The nonsuit was therefore improperly granted.
The plaintiff’s exception is sustained, and the case is remitted to the Superior Court for a new trial.
Dissenting Opinion
dissenting. At the trial of this action of the case for negligence the plaintiff was nonsuited and assigns such nonsuit as error.
The record discloses that the plaintiff was employed in the repair shop of the defendant and was under the immediate direction of one Ballou. On the day of the accident Ballou brought to the plaintiff’s work bench a gasoline tank from a *610 certain automobile and placed it thereon, within a short distance of a lighted gas forge, and requested plaintiff to make some repairs thereon, by soldering the same, before a certain time.
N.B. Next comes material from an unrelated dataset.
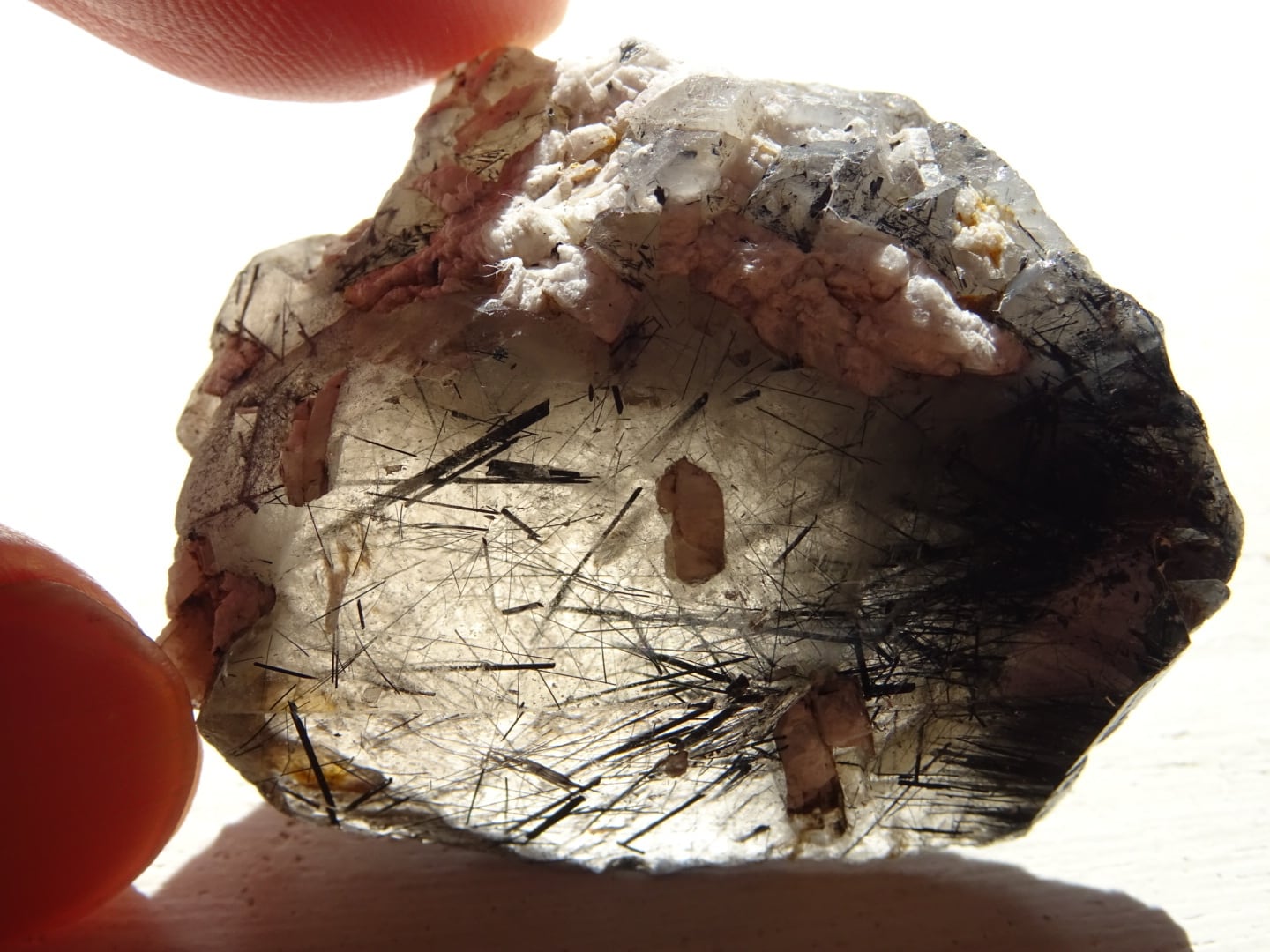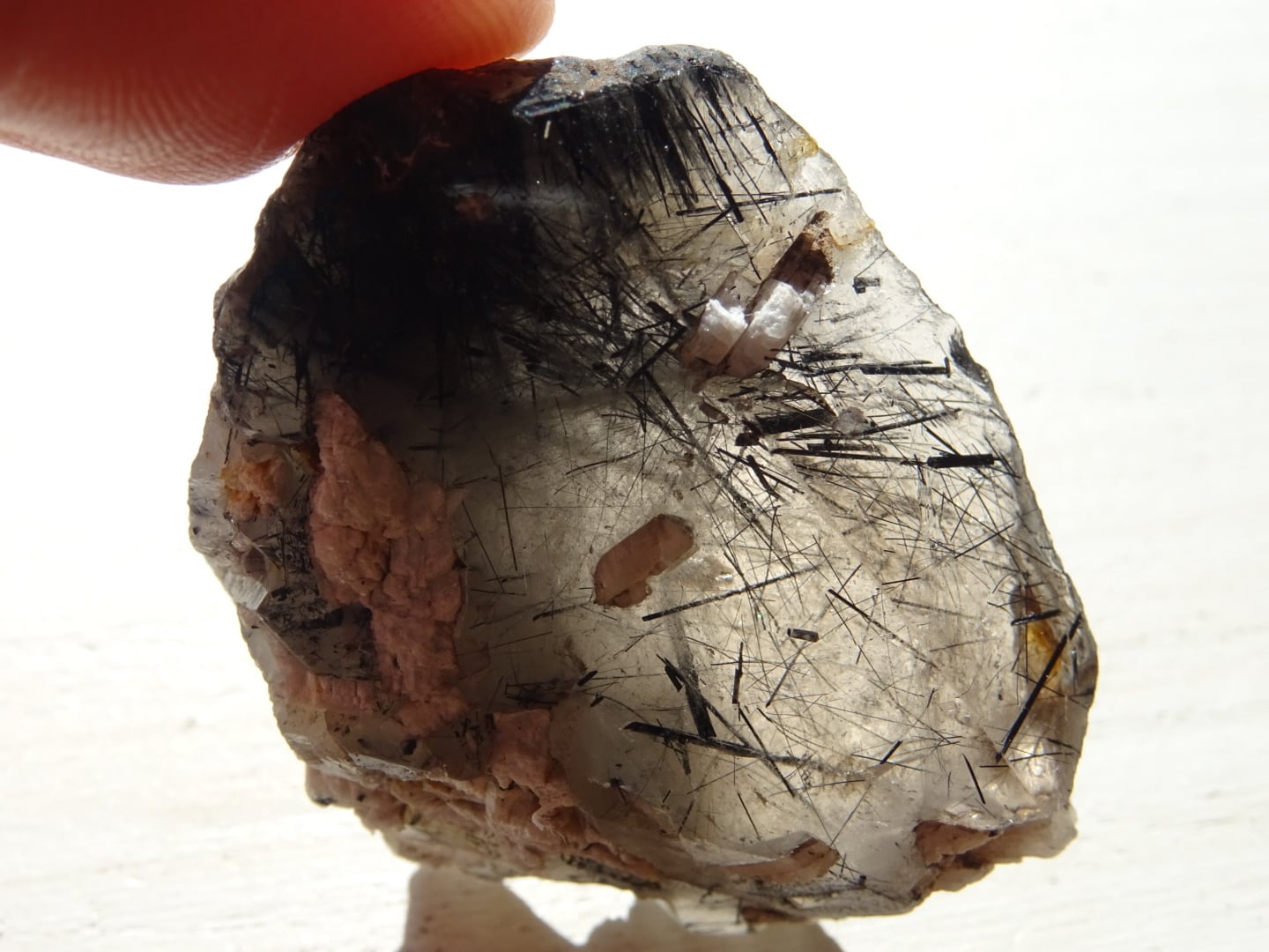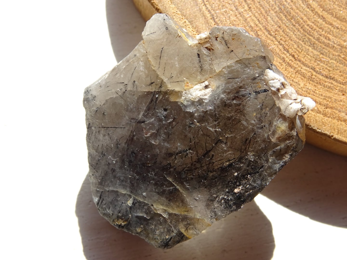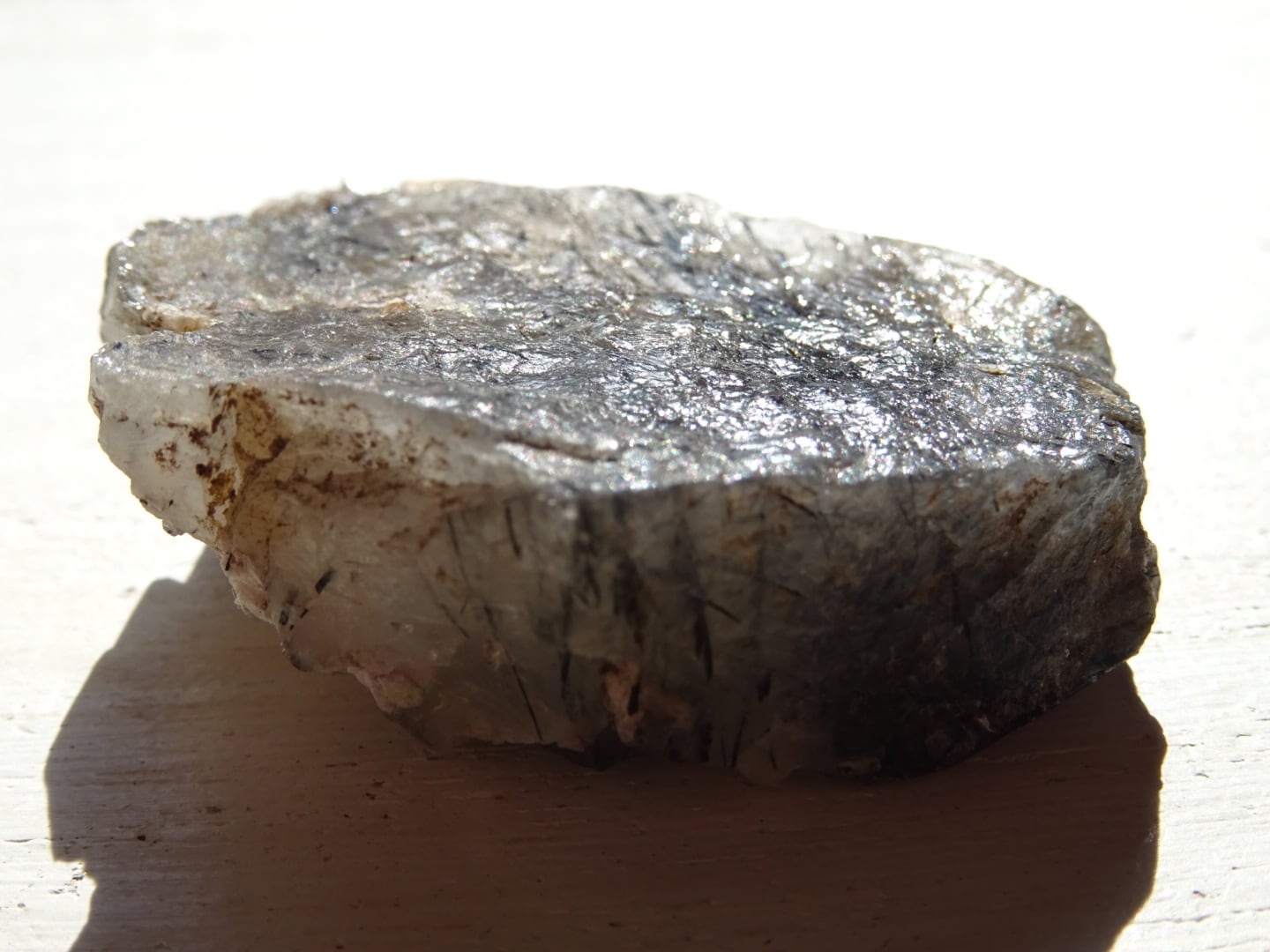 全体がスモーキーカラーになっているのですが、うっすらと青みがかっている部分もあることから、内包されている黒い針結晶はリーベカイトと思われます。

Unknown to the plaintiff and to Ballou, there was a slight quantity of gasoline in the tank, and the fumes from it ignited while the plaintiff was at work upon the tank, and the resulting explosion caused the injury for which the plaintiff seeks to hold the defendant corporation liable, claiming that Ballou was a vice-principal of the defendant.
The trial justice held that the case was governed by the decisions of this court in Milhench v. E. Jenckes Mfg. Co., 24 R. I. 131, where this court held (p. 133) as follows: "If he intends to rely upon the fact that his injury was caused by reason of the negligence of a vice-principal, he must clearly fail; because, under the well-settled law of this State, it is the character of the act, and not the rank of the person performing it, which is the test of vice-principalship. Hanna v. Granger, 18 R. I. 507; Morgridge v. Telegraph Co., 20 R. I. 386.”
The trial justice, in granting the” nonsuit, said: "This was not a fixture, or permanently attached to the structure, but simply an ordinary repair job; and it seems to me that the negligence, assuming there was negligence, of the foreman, the boss, was the negligence of a fellow-servant.”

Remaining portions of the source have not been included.